A Blue Little Lady
by
Charlie Youmans
Chaz took a drag from his tenth cigarette of the evening and watched the ash
grow. He picked up the double shot of Bushmill's Irish and swallowed it neat.
Another night at the club, he thought. I've been playin' this gig for two years
now and for what? A few hundred a week, some free whiskey now and then, and the
occasional mating dance with some poor girl who's got a thing for blues
guitarists.
I should have taken that job with Billy and his band, but I've played on the
road before and if you've seen one motel room you've seen them all. After a
while, all the bars look the same; the people all look the same, all the songs
sound the same.
This gig's no different, really. But, I shouldn't complain.

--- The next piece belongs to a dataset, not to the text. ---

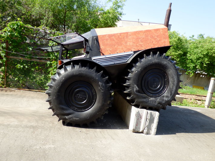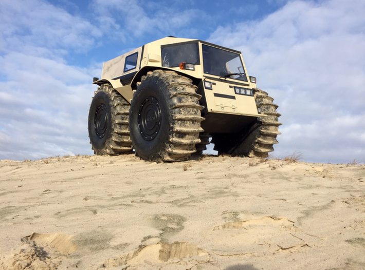 A hihetetlenül masszív kerekeinek átmérője 160 cm, melyekkel gyakorlatilag mindenen képes átgázolni. Az alváza a földtől mintegy 60 cm-re kezdődik, így a Sherp könnyedén átsiklik az olyan akadályok fölött, amikbe egy kisebb terepjárónak beletörne a bicskája.

At least the boss
let's me crash in that little room in the back and he's never tried to stiff me
come payday.
I wish he would stop this damned amateur night, though. I get so tired of
trying to play behind some young punk who thinks if he gets up in front of a
bar full of people, attempts to sing like Muddy Waters, that he'll be goin'
home with some nasty young thing in the front row. It ain't Karryokie, folks.
Four bad singers already tonight and that last one should just be taken out
back and shot.
It wouldn't have been so bad if he'd just known the words to the song. Stevie
Ray must be spinning in his grave.
God, I hate musicians who are in it for the sex life. Just once I'd like to see
someone come up on this stage that cared about the blues, someone who did more
than just sing it 'cause it's fashionable. Well, that's not gonna happen
tonight, I'm sure, so just spank the plank and forget about it.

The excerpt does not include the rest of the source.